Figure 22: Transboundary Influences on Ontario’s Annual Average PM_2.5 Concentrations

Ozone

Ozone is regional in nature and not emitted directly into the atmosphere but is formed from precursor emissions including NO_x and VOCs. Accordingly, transboundary sources including the U.S., as well as sources from around the globe (global background), are significant contributors to Ontario’s ozone levels. The combined influence of these transboundary sources, which varies across the province, is most significant in southwestern Ontario, and decreases moving from the province’s southwest to northeast.

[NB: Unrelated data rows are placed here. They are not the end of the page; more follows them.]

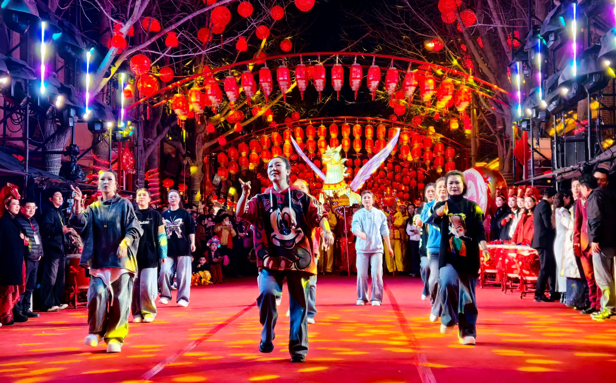 夜幕降临,华灯璀璨,青年北路年味浓郁、人流如织。在热烈的掌声中,市文化馆群舞《花牛苹果红了》率先登场。舞者们以灵动舞姿、饱满情绪,生动展现天水花牛苹果产业蓬勃发展、乡村振兴硕果盈枝的喜人图景,把地方特色、丰收喜悦与人民幸福融入艺术表达,彰显产业兴旺、民生改善的时代画卷,赢得现场阵阵喝彩。
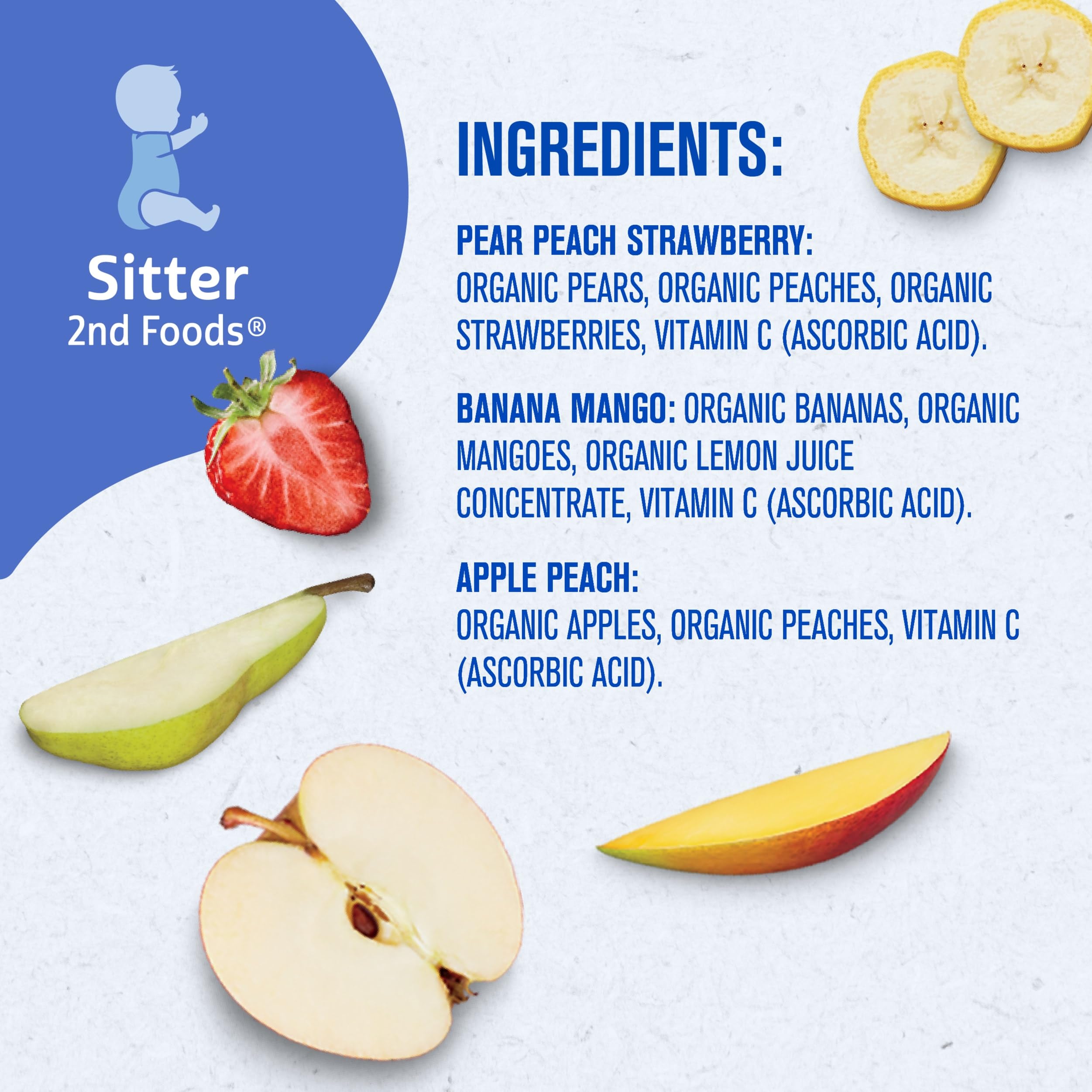 VARIETY PACK: Our nutritious fruit is selected and made with strict quality standards just for babies. This organic baby food fruit variety pack comes with pear peach strawberry purees, banana mango purees, and apple peach purees
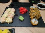 Пришли покушать с подругой и ее братом роллы,все вкусно,приятный официант стажёр,всё понравилось) с подругой узнали себя (точнее себя,когда я была стажёром) Обстановка приятная,еда вкусная,есть детская) брали ещё том - ям было остро,вкусно)
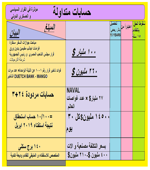 (1): “After the loss(STOLEN FROM AL- TAHRIR SQUEAR) of the Egyptian CENTRAL Bank Printing Press(FIRST ONE) near by (100feets)the Egyptian House of Representatives – Al-Qasr Al-Aini Street and Tahrir Square -( and I was contracting with the Egyptian government in a similar way to my work with the US government.)and the blocking of the declaration T.V monitor camera man -In the recorded in the births of Egypt -of different ages, etc.,-of the citizen by his daily share of this giant printing press of the Egyptian banknote- was killed by the gun of Bab-Sharki- Alexandria senator , inside the Egyptian House of Representatives. A new one (THE SECOND ONE)was established in South Marsa-Matrouh -west of Alexandria city,but its warehous was in Al-Ajamy west of Alexandria,surrounded by {CENTRAL BANK OF EGYPT}’ EMPLOYEE AND THIER FAMILIES , in 22 buildings,440 flats, huge garage, And the mentioned warehouse.(1)-Mr/Biden was the night guard(2)-Mr/ shemoon peres was the day gurd (3)-Mr/ Abdelfata El-Sisi -The Egyptian president-2014-till now-(Because he had enough experince in warehouse banknots-before- in Qabbary Police Station with his friend the poem/ Hesham Algokh.(4)-Mr/Ireel Sharoon hurried to Aswan to put ABOTTLE OF PURE OLIVE OIL IN HIGH DAME TOURBINE HOUSE- TO AVOID Rumors of hostility to the livelihood of the Egyptian people.While The UNION SOVIET DECLARE THAT HIGH-DAME WAS BUILT BY RUSSIAN LOAN TO EGYPT AND PAYMENT IN THE NEXT The next decade. By method of pay or!! Or What? as White House/Ukranian payment $%.Meanwhile (5)Mr/Pence -vice president was the Engineer of The only nuclear missile. under ground in 6 October City east of Cairo the capital. Operate stand by 3 catredge(keys) one of them was with me-getting off it in space while mywork journey to operate the Internet ,etc.(6)Mr/ president Donald Trump was the manager of [Bad Boys Military school]and others, in south west of London.*This never arrive to it under ground-which its heads were replaced with woody heads ,after the area became full of civil, children and babies gardens,etc.- exept for , from the hospital of El-Abbasya underground across long channel by jeep. branches into many ,one of them to” Inshase ” military base and Air forces.(7) Accusing the Public Prosecution,(8) the Military Intelligence,(9) and the Washington Post of cooperating in% commission and damaging the citizen’s mind. Since the day of the discovery of intelligence – financial crime – until the defendant’s presentation to the public prosecutor is perfect and perfect 1001 days (3 years), while the Washington Post innovates in filling the minds of students and citizens with logical reasons based on what they studied and what is being repeated as national and national postulates. The period proved – accurately – that it generates a profit of 26% (10) in Dutech Bank of the amount (financial crime) until the day of his innocence or imprisonment or imprisonment from leaving the hall “Judiciary” .EQUALITY FIRST ..THEN DESERVING(TRIBES )
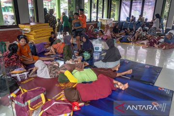 Sejumlah warga yang terdampak banjir bandang karena jebolnya tanggul Sungai Tuntang mengungsi di Aula Kecamatan Guntur, Demak, Jawa Tengah, Sabtu (4//4/2026). Menurut data sementara yang dihimpun Pusdatinkom BNPB hingga Sabtu (4/4) pukul 09.00 WIB, jebolnya sejumlah titik tanggul Sungai Tuntang yang tak mampu menampung debit air hujan dari hulu ke hilir pada Jumat (3/4) menyebabkan banjir melanda delapan desa di empat kecamatan Kabupaten Demak, satu orang meninggal, 2.839 jiwa mengungsi ke sejumlah lokasi pengungsian serta lima rumah roboh dan 13 lainnya rusak sedang hingga berat. ANTARA FOTO/Aji Styawan/tom.
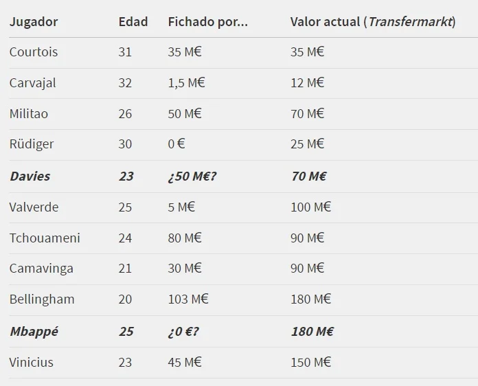 Основа мадридцев на следующий сезон может стоить более миллиарда евро по версии Transfermarkt, посчитал AS.
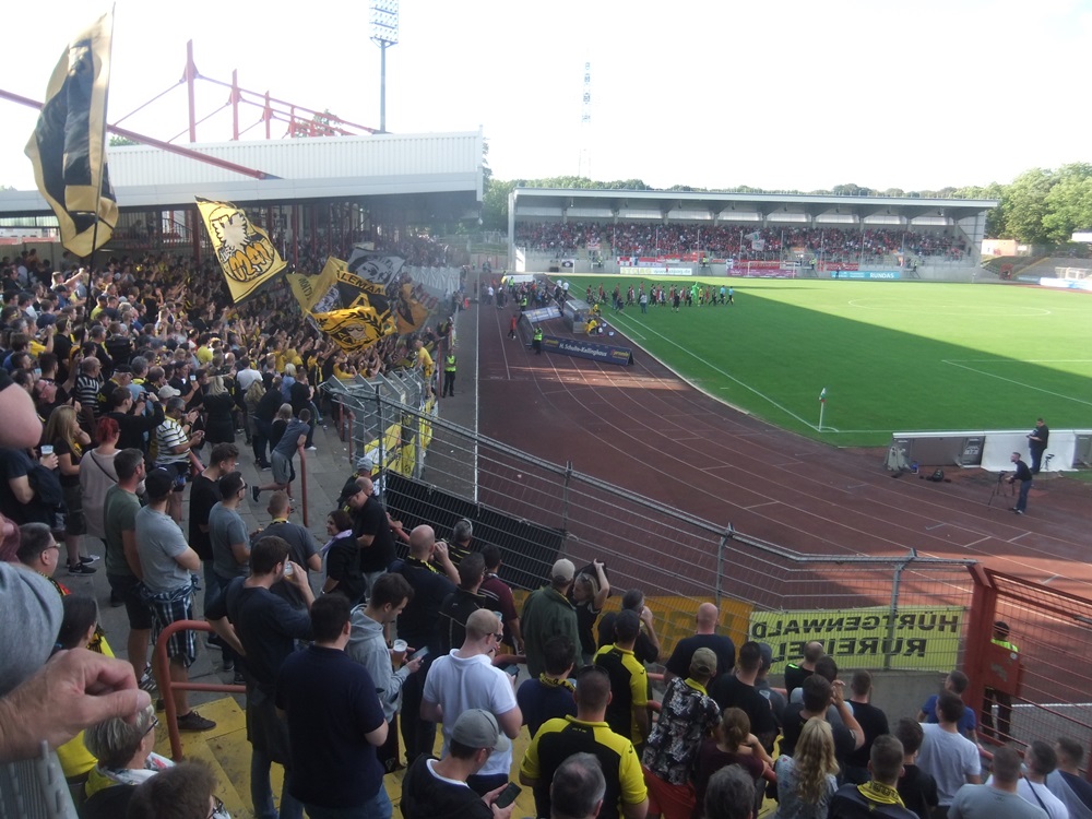 Erlaubt sind Zaunfahnen, Schwenkfahnen, Trommeln (einseitig offen) sowie ein Megaphon. Zaunfahnen müssen von der Laufbahn aus am Zaun befestigt werden und dürfen nicht mit in den Block genommen werden. Nicht erlaubt sind Taschen und Rucksäcke, es besteht keine Abgabemöglichkeit.
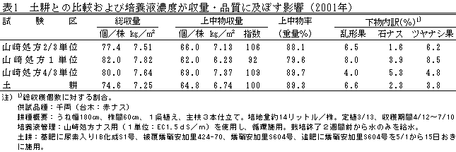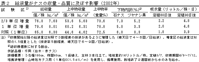 | [成果情報名] | 半促成ナスの少量土壌培地耕における養水分管理技術 |
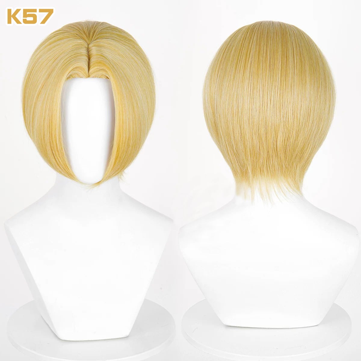 コスプレ耐熱ウィッグ 汎用カラー 前髪立ち上げ センター分け ワンレン ショートカット ゴールドカラー ★にじさんじ/エクス・アルビオ ★チ。/ラファウ 等 ★168色のバリエーション!多様キャラのコスプレに最適です! ★即納品★

Generally, ozone concentrations in Ontario are higher between May and September, when the meteorological conditions are favourable for the formation and accumulation of ozone. During this period, a significant amount of Ontario’s ozone can originate from emission sources in the U.S.

Transboundary contributions are most notable in areas of southwestern Ontario, in close proximity to the U.S. border, and along the northern shore of Lake Erie and the eastern shore of Lake Huron/Georgian Bay. On higher concentration days (i.e. 4^th highest daily concentration in a year), over 95% of the ozone concentrations are attributable to transboundary sources, with the U.S. contributing to as much as 40% of this as shown in Figure 23. In general, global background contributions to ozone concentrations in Ontario on poor air quality days ranges from 60-80% depending on the location in the province.

Global background contributions to ozone also play a significant role in Ontario’s transboundary air pollution. Sources which contribute to global background include long-range transport of man-made emissions from outside North America and natural emissions (e.g. the downward transport of ozone from the stratosphere or ozone produced from lighting strikes).

Global background levels are much more significant in areas of northern and eastern Ontario where there are fewer local sources of ozone precursor emissions (e.g. NO_x and VOCs) and the influence of the U.S. is relatively small. In these areas, global background accounts for, on average, over 60% of the ozone levels on higher concentration days.

In large urban centres, generally ozone concentrations are lower, and in the downwind suburban and rural areas, higher. This occurs because ozone is depleted when it reacts with NO emissions from sources such as motor vehicles. This reaction, known as scavenging, results in reduced ozone concentrations and produces NO₂. Further downwind, the NO₂ reacts with volatile organic compounds in the presence of sunlight to produce ozone.

This is evidenced by the elevated ozone concentrations in the areas downwind of the province’s Greater Golden Horseshoe area, such as Belleville and Peterborough. Due to the substantial upwind scavenging impacts, the transboundary influences in these downwind areas are generally less as compared to the Greater Toronto Area (GTA).

As ozone precursor emissions continue to decrease across North America, the rising global background levels play an increasingly important role in Ontario’s air quality (Environment and Climate Change Canada, 2013).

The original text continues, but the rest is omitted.